Refusing to discipline our children treats them as illegitimate children. By the way, the Greek word for "discipline" is paideuo - it also means "train up" or "teach" or "punish." So in the New Testament, training and teaching children includes the concept of disciplining and punishing. The emphasis, of course, should be on teaching and encouraging - positive reinforcement - but at times this simply doesn't work, which leaves negative reinforcement - not compromise or psychobabble - as the only option that will work.
(Let us know what you think - use the online feedback form!)
Prayer and Praise:
Sun. - Pray that Russian Christians will see the need for having the Bible and worship services in normal Russian language.
Mon. - Praise the Lord that Russians are becoming aware that abortion is not the default option for family planning.
Tue. - Ask God to block the legislation banning parental responsibility for their children's religious upbringing on grounds of "extremism."
Wed. - Pray that Christians in Russia will find the right balance between patriotism and faith-commitment to Christ.

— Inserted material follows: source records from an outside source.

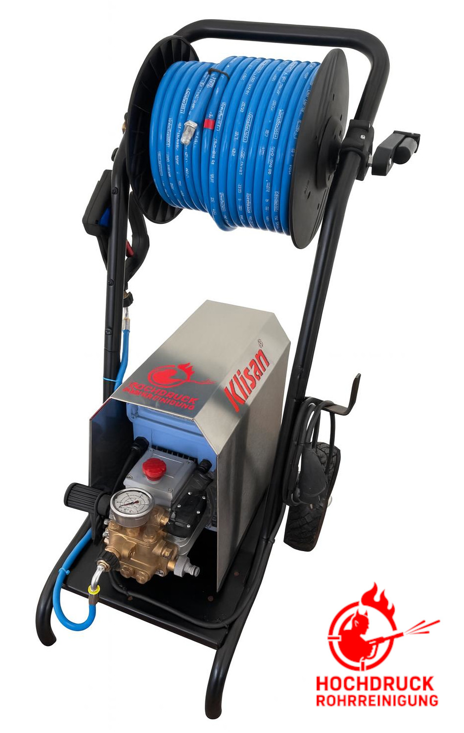 Der Klisan® Pipe Devil ist mit einem leistungsstarken Kränzle Aggregat ausgestattet. Auf dem praktischen Fahrwagen befindet sich eine Schlauchtrommel mit 30 m Rohrreinigungsschlauch.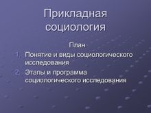 Прикладная социология План Понятие и виды социологического исследования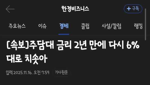 [속보] 주담대 금리 2년만에 다시 6%대로 치솟아 작성자 정보 존버는승리한다 작성 작성일 2025.11.16 10:44 컨텐츠 정보 395 조회 1 댓글 목록 본문 [속보] 주담대 금리 2년만에 다시 6%대로 치솟아 관련자료 댓글 1 간바레간바레님의 댓글 간바레간바레 작성일 10:45 살려줘 살려줘 로그인한 회원만 댓글 등록이 가능합니다. 목록

Thu. - Intercede with God for genuine religious freedom in Russia and the former USSR for minority faiths.
Fri. - Thank the Lord that Ukraine has killed legislation that would allow privatization of church property for secular use.
Sat. - Ask the Lord to restore Christian parents' right and responsibility to train up their children in the way they should go.
Please remember to pray for Christians in the former Soviet bloc countries, and for...
Your fellow-servants,
Bob & Cheryl
p.s. Always keep your words soft and sweet, just in case you have to eat them.